Who’s Using Banks? For What? Who’s Switching? And Why?

How Many Are Switching?

Worldwide, the number of customers planning to change banks has increased from 7% to 12%. The proportion of customers planning to change banks has increased since 2011, with 50% of customers globally citing high fees and charges as the primary reason.

Banking customers generally demonstrate increased sensitivity to high fees or rates on deposits and it is the primary reason that most switch their primary banks. U.S., Canadian and European banking customers cite poor rates on accounts as an important factor in switching banks.

Why Are U.S. Consumers Switching?

Customers appear to want more than a better deal; they want the flexibility to shape the relationship, contacting their bank whenever and however they choose. They may prefer online channels for simple transactions, but demand high-quality, personalized services for more complex transactions.

How Many Customers Have Ever Switched Banking Providers?

Worldwide, 34% of customers say they have changed their main banking provider and 74% have done so in the last 10 years. The overall figure is marginally lower than in 2011 but it conceals some wide variations across countries, with attrition rates rising significantly in several key markets. Specifically, in both the US and Canada, the number of respondents who have changed their main bank has increased from 38% in 2011 to 45% in 2012.

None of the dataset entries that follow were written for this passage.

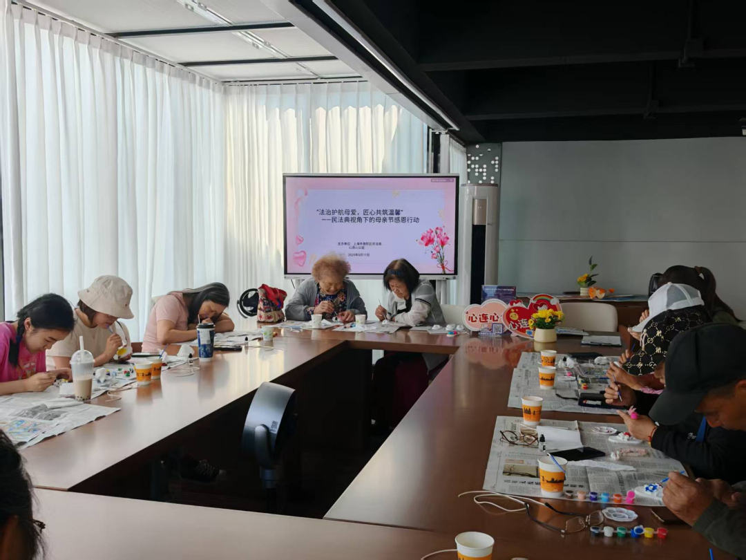 5月11日,“半马苏河”法治驿站举办“母亲节DIY香薰石膏画制作”主题活动,将法治宣传与节日温情深度融合。活动以民法典中“家庭文明建设”内容为核心,通过法治微课堂、手工创作、亲子互动等形式,引导居民感悟母爱伟大,弘扬法治精神。此次活动将民法典中婚姻家庭编、继承编等与妇女权益保护相关的法律条文融入活动,提升居民法治意识,营造和谐家庭氛围。活动中,老师首先讲解了民法典中关于妇女的相关权益,随后发放手工制作的材料并进行讲解,居民们进行浮雕花卉创作,做出了非常精美的花卉吊牌。此次活动提升居民对民法典婚姻家庭编的知晓率,强化“依法带娃”“依法尽孝”意识,通过亲子协作,增进家庭法治观念与情感联结。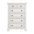 The Calloway 6-Drawer Chest is the perfect addition to your bedroom! This vertical chest comes with six, spacious drawers, more than enough storage space to store away your belongings. The two top drawers are felt lined, protecting your more delicate belongings. The bottom drawers are cedar lined and feature a dust proofing layer to help protect your clothes. Raised drawer fronts add an extra element of design to this already stunning set. The dark metal finish hardware pairs perfectly with the white finish, making this transitional group a staple in your home for years to come.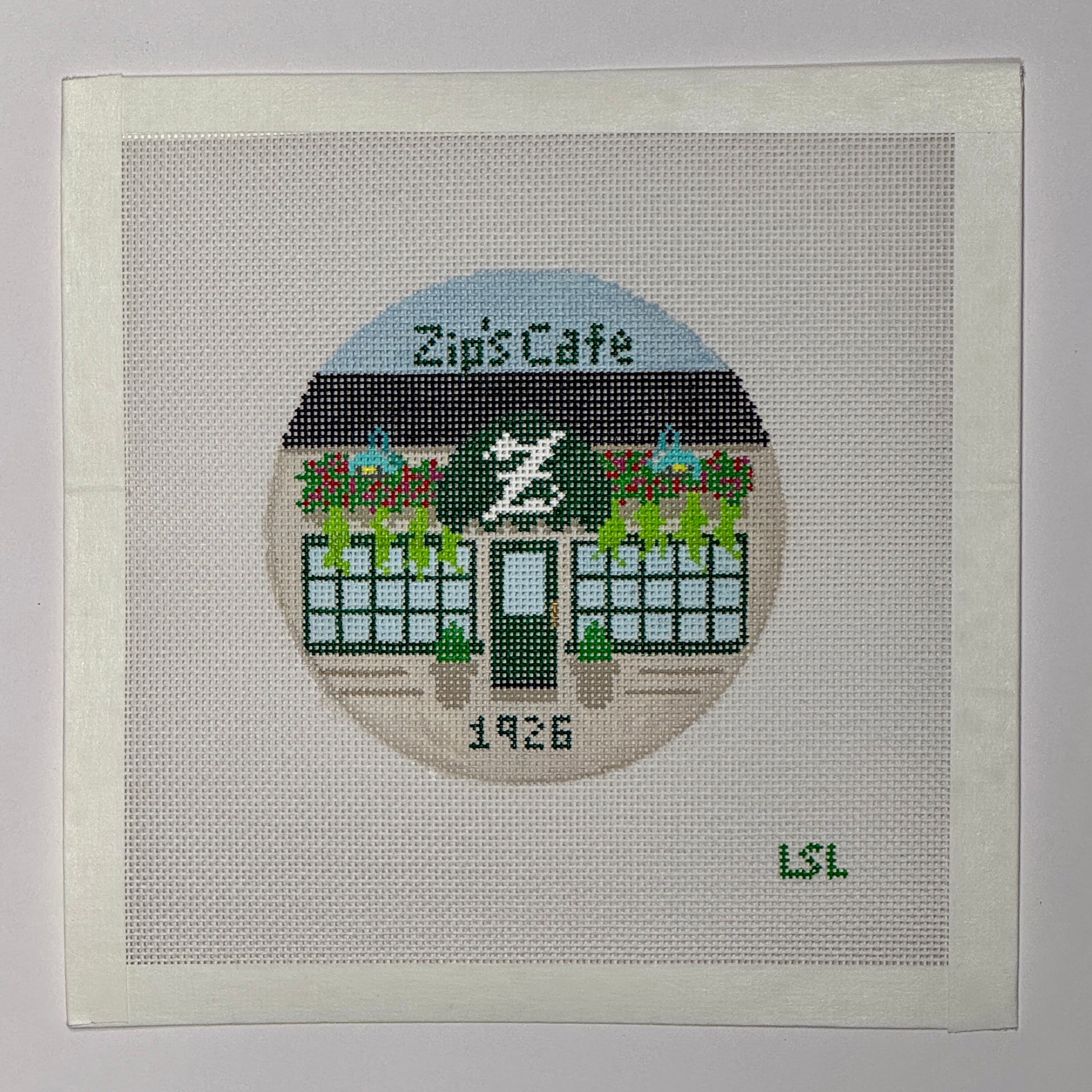 Hand-painted design on 18 count mesh canvas.

Which Institutions Consumers Use For Specific Financial Products

Satisfaction High, Trust Low

Although Ernst & Young found that overall satisfaction with banks remains high, trust levels remain low. Globally, consumer confidence in the banking industry has dropped 40%. In Europe’s more beleaguered countries it’s nearly double that — a 72% drop in Italy and 76% in Spain.

In the U.S., just slightly more than half say their confidence in the banking sector has decreased over last year. 9% say they are more confident, and 40% say there’s been no change in their feelings.

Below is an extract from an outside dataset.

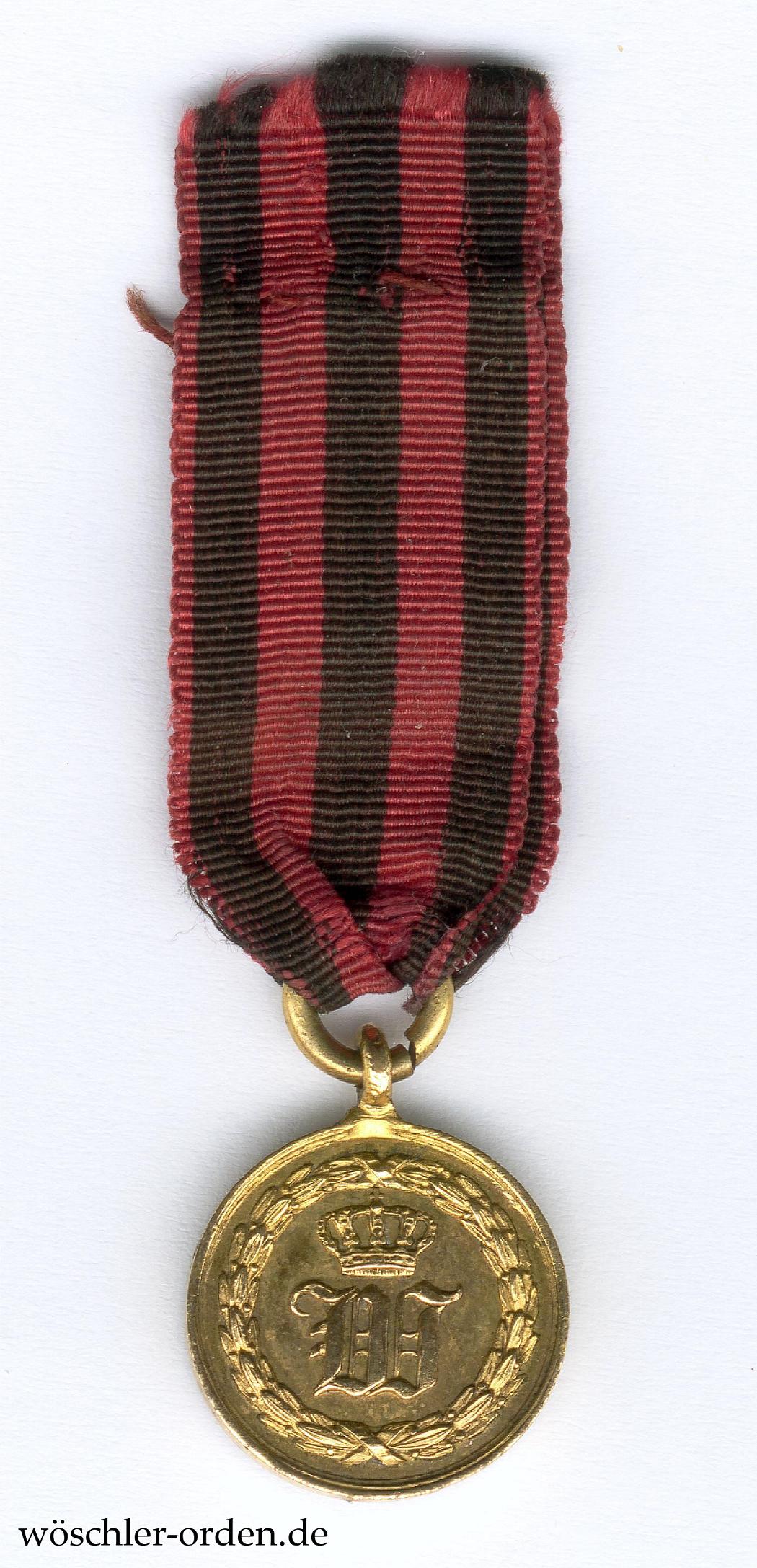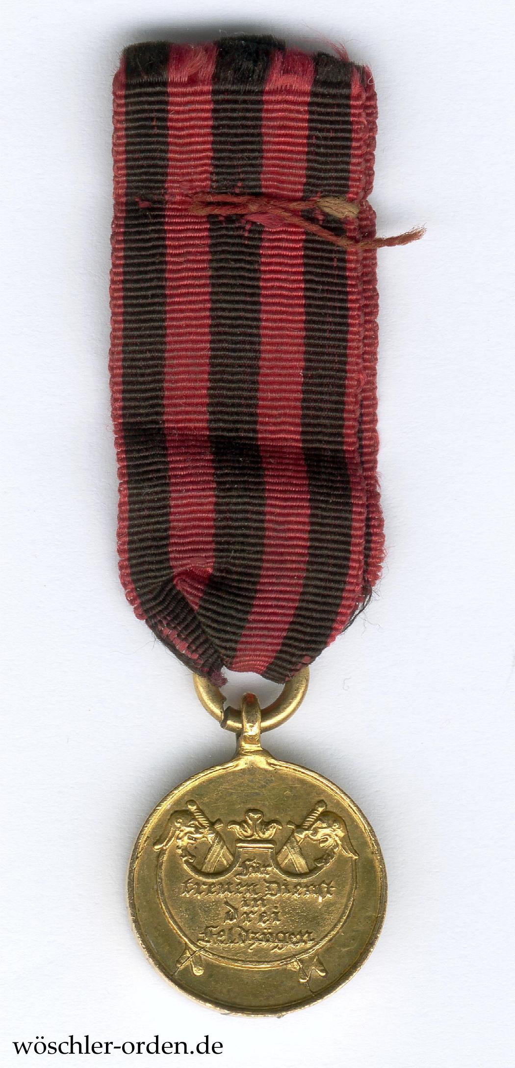 Miniatur, etwa 18 mm, der Ausgabe „Für treuen Dienst in drei Feldzügen“. Bronze geprägt und vergoldet, an Ringöse mit Bandring.

How Many Banks Do You Consumers Use?

Banking consumers are diversifying their relationships — spreading their bets around, as it were. Customers using only one bank have dropped from 41% to 31%, while those with three or more have increased from 21% to 32% since 2011.

What Should Banks Do?

How can banks provide a better customer experience, one that reduces churn and attrition rates? Ernst & Young offers banks this advice:

  • Make low-cost digital channels customers’ preferred choice. Banks should encourage customers to use digital channels whenever possible by using price incentives.
  • Make pricing and service promises transparent. Pricing is critical to customer satisfaction, but most customers have no idea how much they pay each year. Transparency over pricing and service promises is vital if banks are to deliver something customers value.
  • Offer tiered levels of customer experience. Customers should have the option to buy into certain products and services, and the ability to earn upgrades through loyalty, whether in terms of longevity or the share of wallet handled by a particular bank.
  • Encourage customer self service. Banks needs to improve the way they provide information and advice to interest and convince self-directed customers, including financial planning tools, ranges of product and pricing bundles.

Researchers say that in order to retain their customers, banks must adapt their business models to cater to increased demands to accommodate a wide range of customized services and products. The models most commonly pursued by banks are (1) based on low-cost competition, or (2) on high-touch service and others on accessibility. Large, full-service banks need to defend market share against new entrants and those offer greater specialization, while retaining the ability to meet a wide range of needs and sustain profitability.